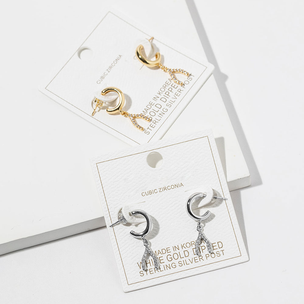 Details • Size : 0.5" X 1" • Modern crescent hoop drop earrings featuring a sleek curved hoop paired with a sparkling CZ-style wishbone accent. Designed for everyday wear or elevated styling, these earrings offer subtle shine, graceful movement, and a versatile silhouette ideal for boutiques and curated accessory collections. • CZ Cubic Zirconia • Gold Dipped • Lead and Nickel Compliant • Made In Korea • Sterling Silver Post
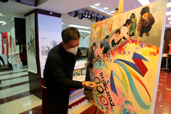 筆會開始,建國門街道工委副書記黃波發(fā)表致辭,預(yù)祝本場筆會圓滿成功。隨后,老年學(xué)校的師生們就各自發(fā)揮所長,亮出絕活兒?,F(xiàn)場氣氛熱烈,大家興致勃勃,揮毫潑墨,即興創(chuàng)作?;B畫班年近80歲高齡的陳淑云老師創(chuàng)作了主題“勇于拼搏 為國爭光”的人物畫;書法班教師王玉啟用擅長的隸書,書寫出“望神州山水歡笑迎冬奧 看華夏喜盼開幕倒計時”楹聯(lián)作品;篆刻班教師張書來即興把冬奧會“花樣滑冰”等比賽項目精心篆刻到一方方小小的印章上;素描班教師馬捷以油畫形式創(chuàng)作了一幅“童心迎冬奧”作品;山水畫班教師張桂長繪制的“冰雪騰起彩虹夢 健兒舞開春日花”寫意人物畫更是活靈活現(xiàn)、呼之欲出……師生們用他們獨特的構(gòu)思和創(chuàng)意盡情描繪著心中的奧運盛景,一筆一畫間無不暈染出他們對北京冬奧會最誠摯的祝福、最美好的期盼。創(chuàng)作結(jié)束后,老師們?nèi)砸猹q未盡,為表達(dá)對即將到來的冬奧盛會和虎年春節(jié)的期待與祝愿,他們又即興書寫了中國傳統(tǒng)節(jié)日春聯(lián)和福字贈與現(xiàn)場來賓,筆會在一片歡樂祥和的氣氛中圓滿結(jié)束。
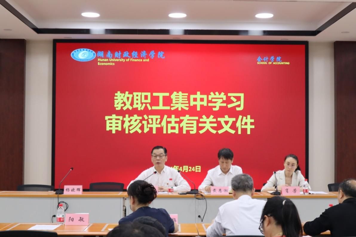 会计学院组织全体教职工共同讨论、认真学习了《普通高等学校本科教育教学审核评估实施方案(2021—2025年)》和《湖南省普通高等学校本科教育教学审核评估实施方案(2023-2025年)》等审核评估文件 。切实掌握本科教育教学审核评估的实质内涵与规范要求,从而有序推进学校审核评估工作。
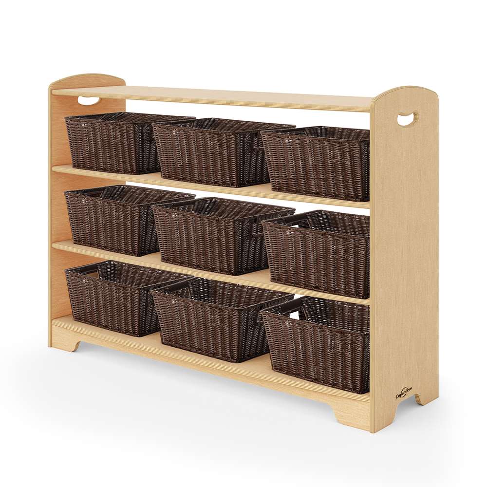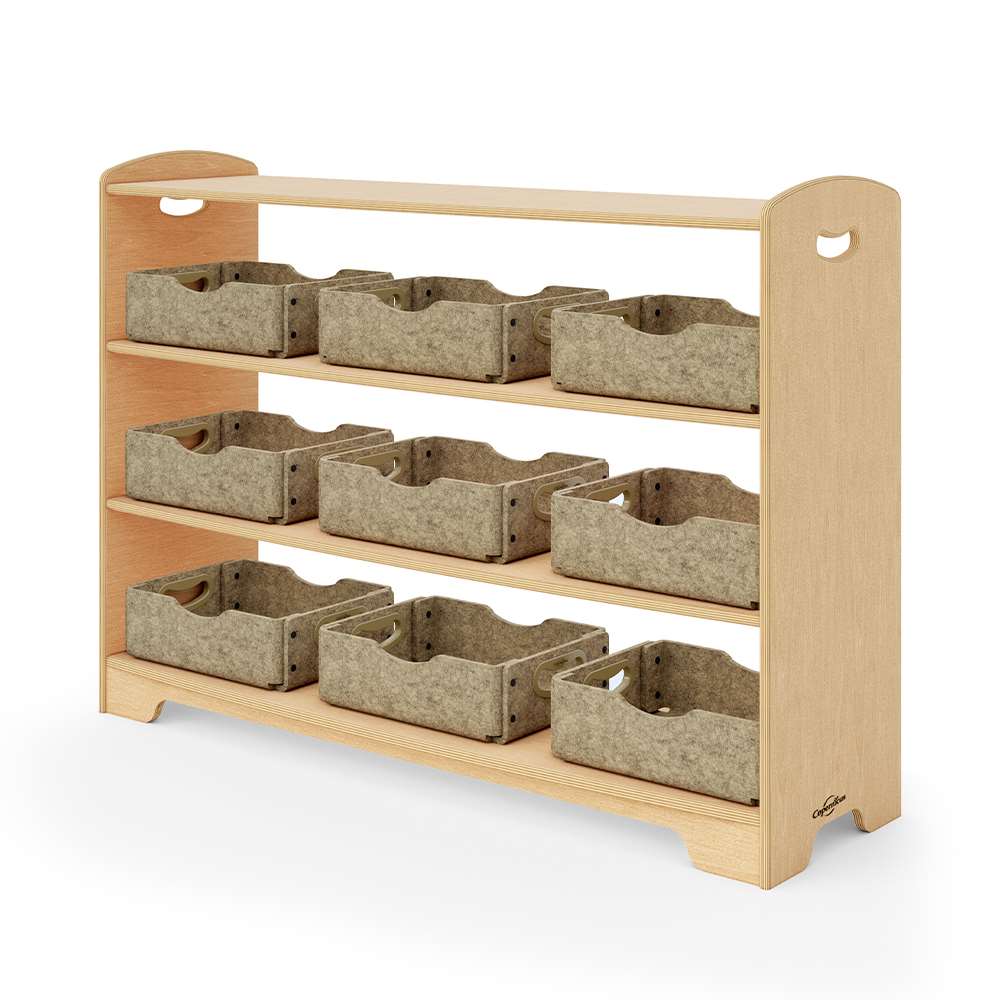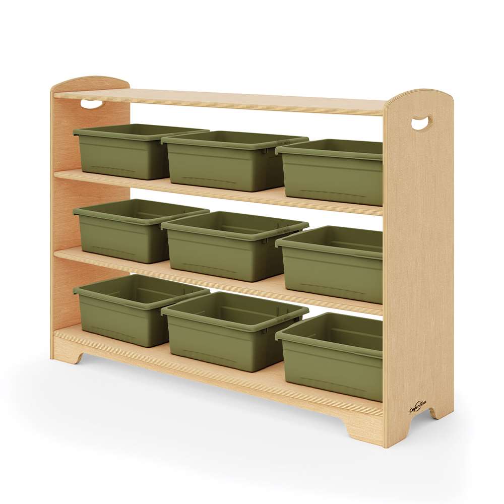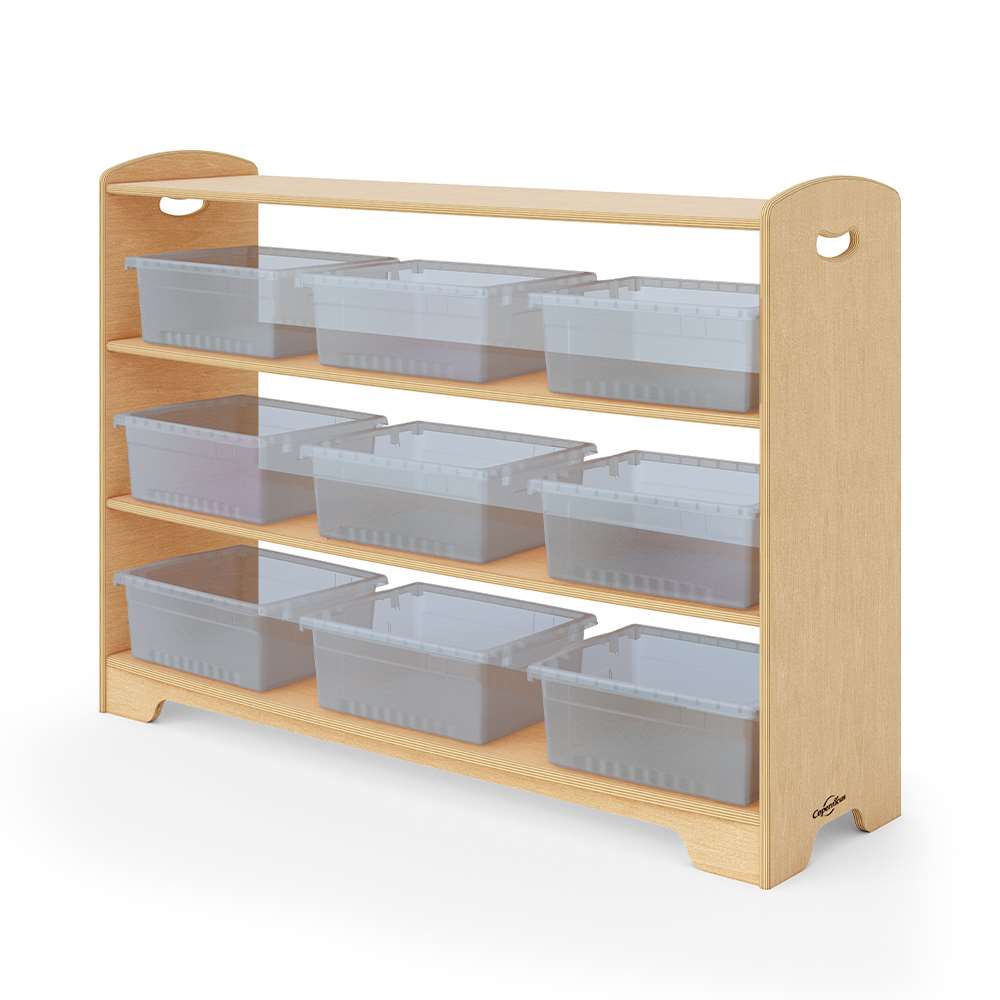 Our open back options allow for more light to travel through the room, give access from both sides and provide clearer sight lines. The staggered design creates different display areas for toys and books or a place for optional storage tubs, bins or baskets. Combine 1, 2 and 3-Level shelves and Curved Corners to customize your space by creating room dividers, reading corners or simply putting them against the wall. Then, sit back and enjoy a well-deserved moment of feeling organized.

* * * * * * *

Give back the data verbatim. The pictures are not part of the copy.

 Details • Size : 0.5" X 1" • Modern crescent hoop drop earrings featuring a sleek curved hoop paired with a sparkling CZ-style wishbone accent. Designed for everyday wear or elevated styling, these earrings offer subtle shine, graceful movement, and a versatile silhouette ideal for boutiques and curated accessory collections. • CZ Cubic Zirconia • Gold Dipped • Lead and Nickel Compliant • Made In Korea • Sterling Silver Post
 筆會開始,建國門街道工委副書記黃波發(fā)表致辭,預(yù)祝本場筆會圓滿成功。隨后,老年學(xué)校的師生們就各自發(fā)揮所長,亮出絕活兒?,F(xiàn)場氣氛熱烈,大家興致勃勃,揮毫潑墨,即興創(chuàng)作?;B畫班年近80歲高齡的陳淑云老師創(chuàng)作了主題“勇于拼搏 為國爭光”的人物畫;書法班教師王玉啟用擅長的隸書,書寫出“望神州山水歡笑迎冬奧 看華夏喜盼開幕倒計時”楹聯(lián)作品;篆刻班教師張書來即興把冬奧會“花樣滑冰”等比賽項目精心篆刻到一方方小小的印章上;素描班教師馬捷以油畫形式創(chuàng)作了一幅“童心迎冬奧”作品;山水畫班教師張桂長繪制的“冰雪騰起彩虹夢 健兒舞開春日花”寫意人物畫更是活靈活現(xiàn)、呼之欲出……師生們用他們獨特的構(gòu)思和創(chuàng)意盡情描繪著心中的奧運盛景,一筆一畫間無不暈染出他們對北京冬奧會最誠摯的祝福、最美好的期盼。創(chuàng)作結(jié)束后,老師們?nèi)砸猹q未盡,為表達(dá)對即將到來的冬奧盛會和虎年春節(jié)的期待與祝愿,他們又即興書寫了中國傳統(tǒng)節(jié)日春聯(lián)和福字贈與現(xiàn)場來賓,筆會在一片歡樂祥和的氣氛中圓滿結(jié)束。
 会计学院组织全体教职工共同讨论、认真学习了《普通高等学校本科教育教学审核评估实施方案(2021—2025年)》和《湖南省普通高等学校本科教育教学审核评估实施方案(2023-2025年)》等审核评估文件 。切实掌握本科教育教学审核评估的实质内涵与规范要求,从而有序推进学校审核评估工作。
 Our open back options allow for more light to travel through the room, give access from both sides and provide clearer sight lines. The staggered design creates different display areas for toys and books or a place for optional storage tubs, bins or baskets. Combine 1, 2 and 3-Level shelves and Curved Corners to customize your space by creating room dividers, reading corners or simply putting them against the wall. Then, sit back and enjoy a well-deserved moment of feeling organized.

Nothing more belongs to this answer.